With all these options available in the market, you might be wondering what RDBMS and SQL implementation is better. The answer to this question drills down to your project requirements.
A good approach is to first understand your project requirements and then look for RDBMS that can address your requirements.
Data has become the fuel of our digital world because we see vast amounts of data being generated daily. To effectively utilize this data, you need a powerful tool like SQL.
As a professional in data science, data analysis, business analytics, or machine learning, mastering SQL is essential. In fact, proficiency in SQL can be a deciding factor in whether an employer hires or rejects you.
Beyond its value in the job market, SQL is invaluable for individuals working in the data field. Experts estimate that up to 80% of data work involves cleaning and managing data, which SQL can handle remarkably.

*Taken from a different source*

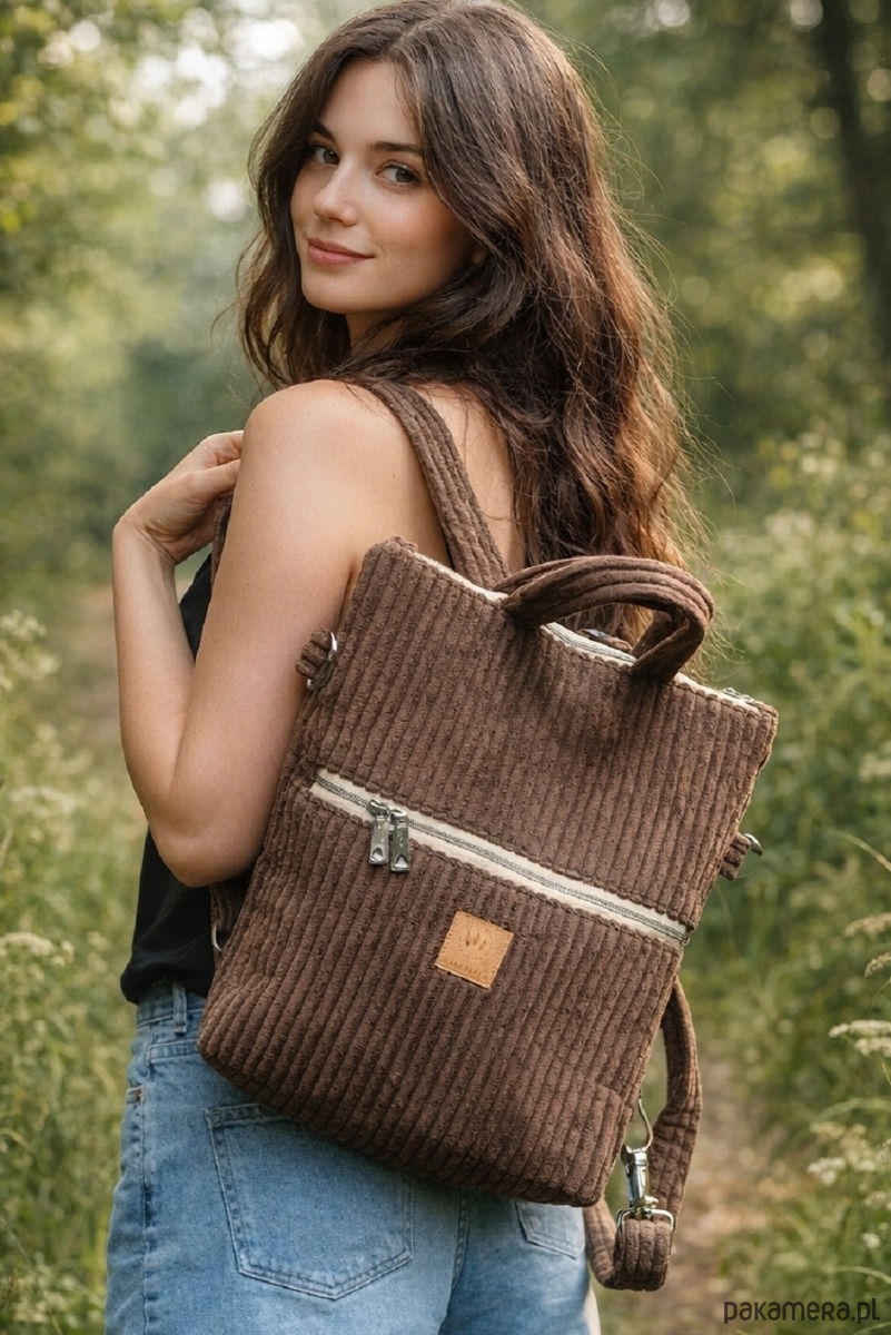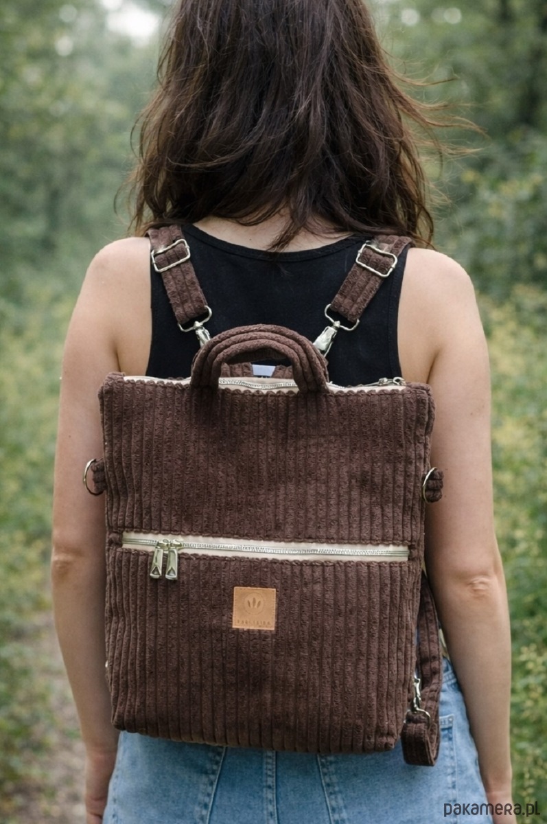 Plecak torba 2w1 sztruksowy Brązowy

Moreover, SQL’s integration with various programming languages, such as Python, C++, and Java, broadens its applicability. This allows you to create robust data-driven solutions.
Learning SQL equips you with a competitive edge and a versatile tool to tackle data challenges in your professional journey.
So, as you navigate the expansive landscape of data management and analysis, remember SQL as your steadfast companion. With its powerful syntax and widespread use, mastering SQL can open up a multitude of opportunities in the tech world. Happy querying!